Everyone dreads the first date. No matter who you are, what you have accomplished, or how much confidence you have the first date is never easy. Many women tend to put immense pressure on themselves to be someone they aren’t. We tend to conjure up an image in our minds of who we think our date wants us to be (like that super sexy Victoria’s Secret model on the cover of that catalogue sitting on your kitchen counter) rather than trying to show who we truly are. Many women ruin their first date before it even happens, letting their nerves and preconceptions get the best of them. When you are too worried about being someone else, you forget all the basics. And most importantly, you forget how to be yourself and despite what you may think the real you is much more interesting than that lingerie model.
On your next date, drop the act and give these few suggestions a whirl (I promise you won’t regret it and you’re date won’t either):
*Half the nerves come from the preparation. What to wear is probably the biggest decision of the night. You want to dress to impress but at the same time you don’t want to wear something you normally wouldn’t or something that isn’t your style. You want your date to like you for you, not because of what you have failed to cover up (leave a little something for their imagination). Also, dress for the occasion. If you know you are going on a picnic in a park, stiletto heels probably aren’t the best choice.
*Do your makeup like you would for any other night out and use only a few squirts of perfume. Too much of anything is never a good thing.
*It’s really important to be on time for your first date. You never want to be too early. It gives off that overexcited I-have-no-life-and-have-been-waiting-forever-for-this-moment type of vibe. On the other hand, you don’t want to be late. Many people have pet peeves for tardiness and you don’t want to turn off your date before you even introduce yourself.
*Turn off your cell phone. You will be able to tell all your girlfriends how the date went once you get home, I promise.
*Unfortunately, it’s not all about you. Make sure you alternate asking questions about each other. Share your passions, interests, and hobbies with him but make sure he tells you about his as well.
*My biggest caution: DON’T, under any circumstances, talk about ex-boyfriends or compare this date to other dates or guys you have dated in the past. If he brings up the ex subject, quickly change it. There will be plenty of time for that later.
*Every guy likes a girl who laughs at his jokes but don’t overdo it.
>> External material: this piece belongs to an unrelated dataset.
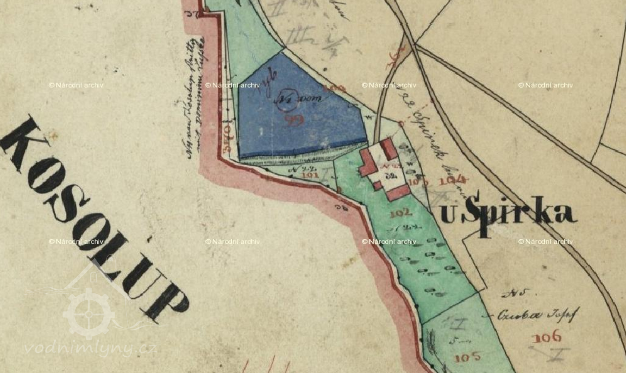 Popis1930: 1 kolo na svrchní vodu, hltnost 0,089 m3/s, spád 4,43 m, výkon 3 HP

He’s just as nervous as you are and a little laugh here and there will ease his nerves.
*Compliment your date. His clothes, manners, or choice of restaurant are all great options for compliments (but use these sparingly as well).
*Remember: eye contact, eye contact, eye contact.
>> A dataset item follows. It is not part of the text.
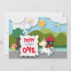 Eine zauberhafte, farbenfrohe Landschaft mit einem einsamen und sonnigen Ambiente, um Ihre Gäste zum ersten Geburtstag Ihres kleinen Hauses einzuladen.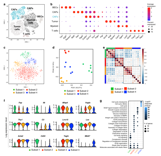 1.?單細(xì)胞RNAseq分析揭示了癌癥相關(guān)成纖維細(xì)胞不同亞群的存在

*No guy likes a girl who excessively drinks on the first date (or at all). He asked you out to have a good time, not to drive you home and carry you to your front door. If you are with a guy who is encouraging you to excessively drink, you should probably just end the date there.
*When the final bill comes, offer to add a contribution- don’t assume that he is just going to pay for the whole thing.
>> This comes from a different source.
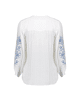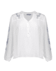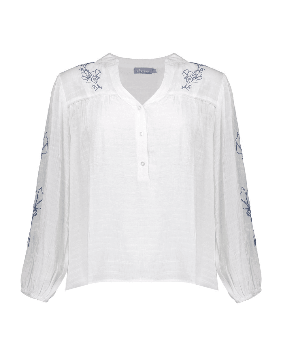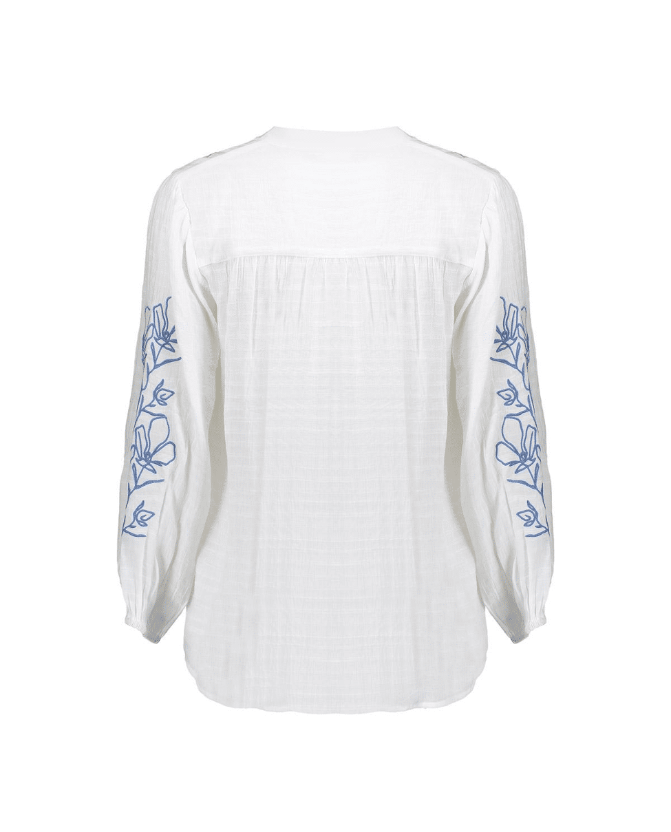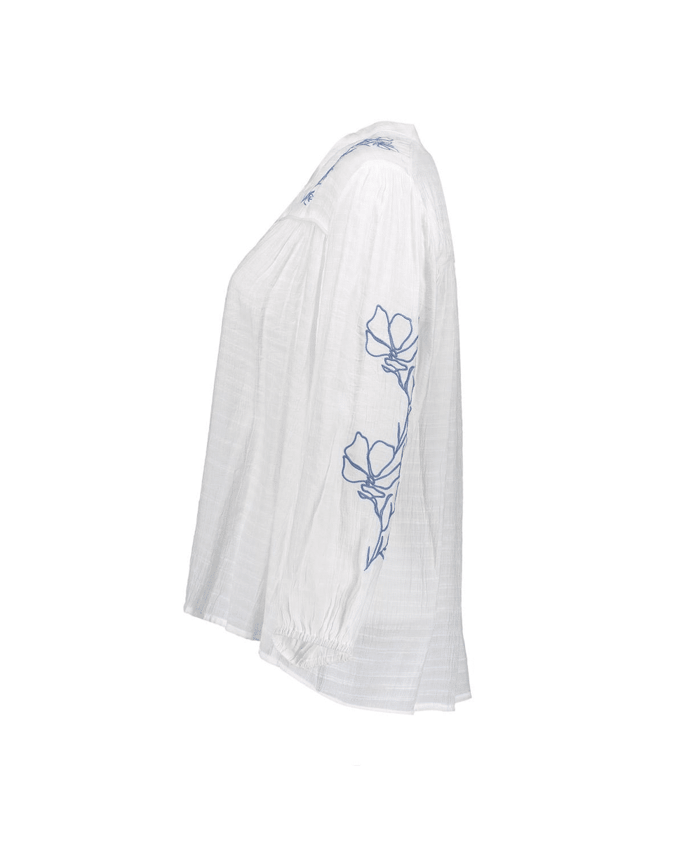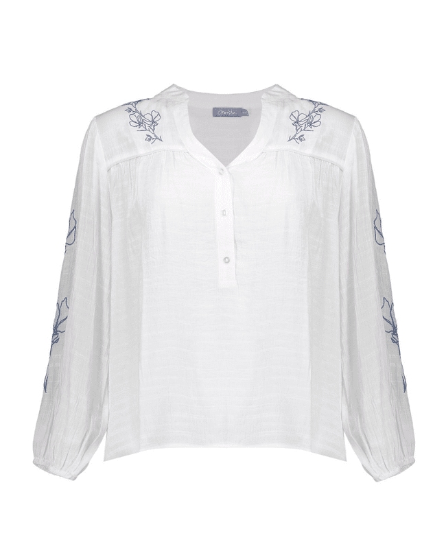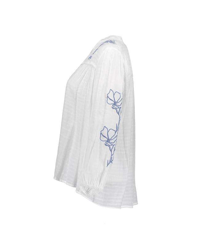 Een luchtige blouse met subtiele details – perfect voor zomerse dagen waarop je comfortabel én verzorgd voor de dag wilt komen. De blauwe borduursels geven een frisse twist aan het witte canvas.

*The first date should never last too long; three to four hours is a perfect length. If you see the date is running much longer than this try to politely end it. The longer the date is, the more room for error. You want to end your first date on a high note and plus, a lack of time could leave him wanting that second date.
*At the end of the date make sure to tell him you had a great time (even if you didn’t) and thank him for taking you out (especially if he paid). If you’re date didn’t go as planned that is no excuse for poor manners. It’s not his fault you two weren’t compatible.
First dates go sour all the time, so don’t feel bad if you don’t get that second date. It was nothing against you, he just wasn’t the one. If you were yourself there should be no regrets.
Now, go practice your ‘lipstick confidence’!